On October 7 Slate posted a slew of opinion pieces by prominent feminists responding to the question, “Who gets to be a feminist?,” since conservative women have lately been counterclaiming the title from liberals.

I found the response by pro-abort Christina Hoff Sommers, resident scholar at the American Enterprise Institute and author of the book, Who Stole Feminism? to be enlightening and helpful on 2 counts.

Sommers identified women’s issues that are much more pressing than the legal freedom to kill one’s own children, all dire.

And Sommers recognized conservative women as “male-friendly. They don’t view men as the collective enemy as liberal feminists often do…

The guardians of feminist purity are not amused by the idea of right-wing girl power. Rebecca Traister and Anna Holmes, for  example, recently specified that members of the sisterhood may not oppose “reproductive rights”…

Millions of women, for reasons of conscience, cannot bring themselves to support abortion on demand. According to a 2009 Gallup Poll, 49% of women are pro-life.

Even if you are pro-choice (as I am), it is both unsisterly and impractical to organize a “women’s” movement that excludes – and often demonizes – half of the American adult female population.

After all, there are many other pressing issues: embattled women’s groups in oppressive societies like Iran, Saudi Arabia, and the Congo are fighting barbaric practices such as child marriage, honor killing, stoning, and genital mutilation.

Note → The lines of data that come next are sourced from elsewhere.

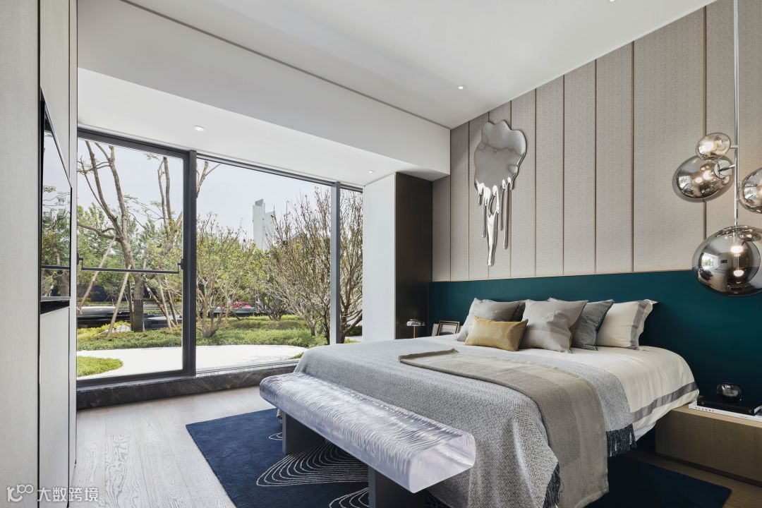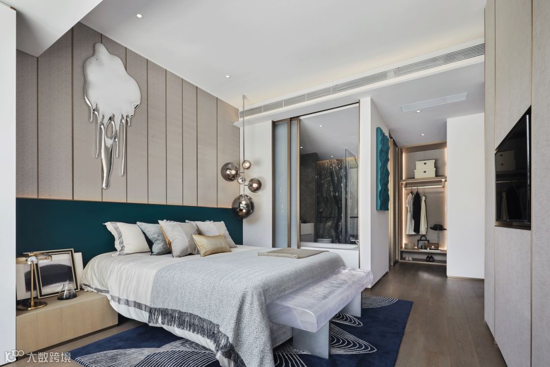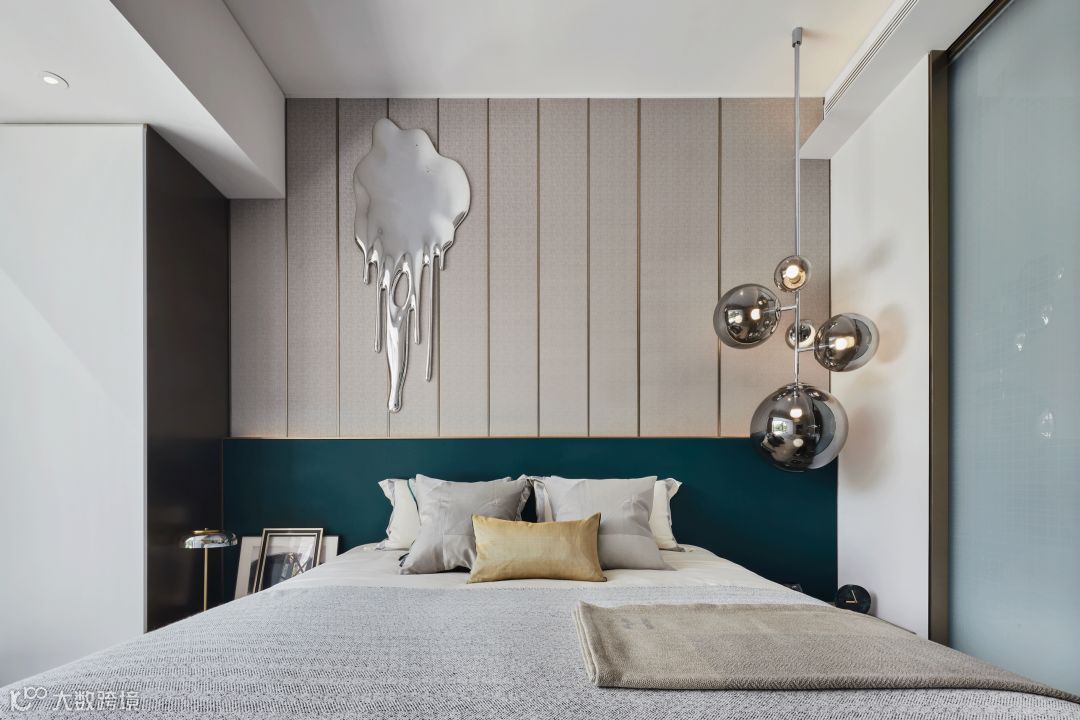 艺术属于有形之物,是艺术家灵魂的自然表现,但个性和风格既是艺术的灵魂。因此,设计师在卧室内使用的Anish Kapoor的水滴状金属电镀艺术品,正是表达了人只有领悟了生活的真谛,才能从容的、奢侈的看待事物、享受人生。
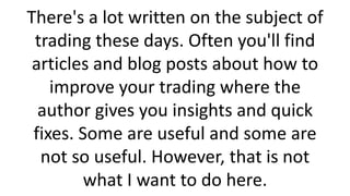 The document emphasizes the importance of full commitment in trading, whether day trading or swing trading, warning that without daily dedication, traders risk failure. It notes that many retail traders lack the necessary dedication and suggests that without immersion in the market, traders cannot effectively develop their skills or strategies. The author encourages traders to assess their commitment level through specific questions and highlights that a lack of commitment can lead to wasted time and money.
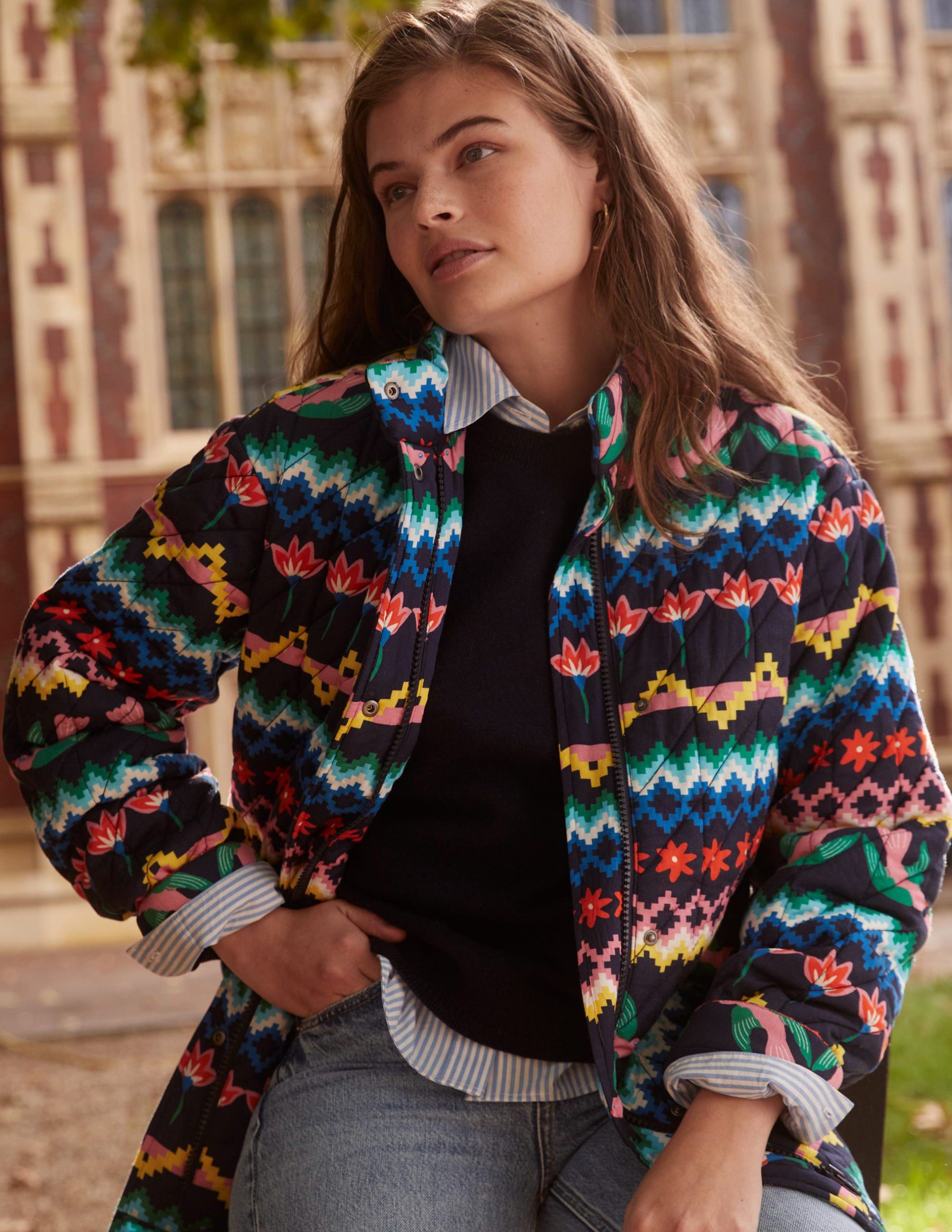 Oversized Quilted Jacket-French Navy. Decorative Garden
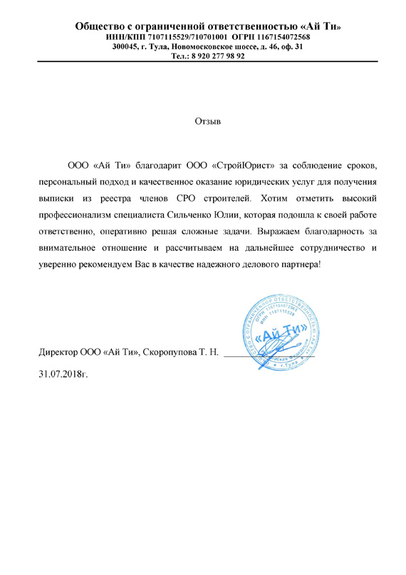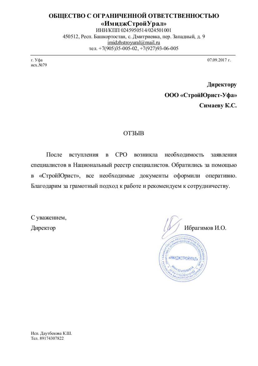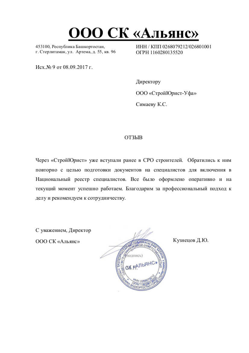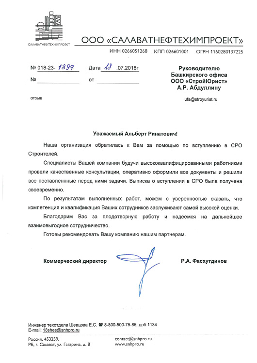 Отзывы клиентов "СтройЮрист" по вступлению в СРО в Кургане

If the women’s movement would drop the purity test on abortion it would find millions of Catholic and evangelical women eager to join the next great wave of feminism: the emancipation of women in the developing world….

Conservative feminism is pro-woman but male-friendly. If boys are languishing academically, if blue-collar men lose most of the jobs in the recession, or if innocent young men are falsely accused of heinous crimes – as several members of the Duke University Lacrosse team were in 2006, with campus feminists at the head of the mob – conservative feminists will speak out on men’s behalf.

The feminists now in power in our universities and in Washington see the world differently – as a zero-sum struggle between men and women, in which their job is to fight for women. But that is not the attitude of most women, whether conservative or liberal in political outlook. Men are their fathers, brothers, husbands, and sons; when they are in trouble, so are the women who care about them and, in many cases, depend on them.

If conservative women wish to describe themselves as feminists, and if they offer a new model of women’s empowerment that large numbers of American women find inspiring, even determined feminist bouncers like Traister and Holmes won’t be able to keep them from the party.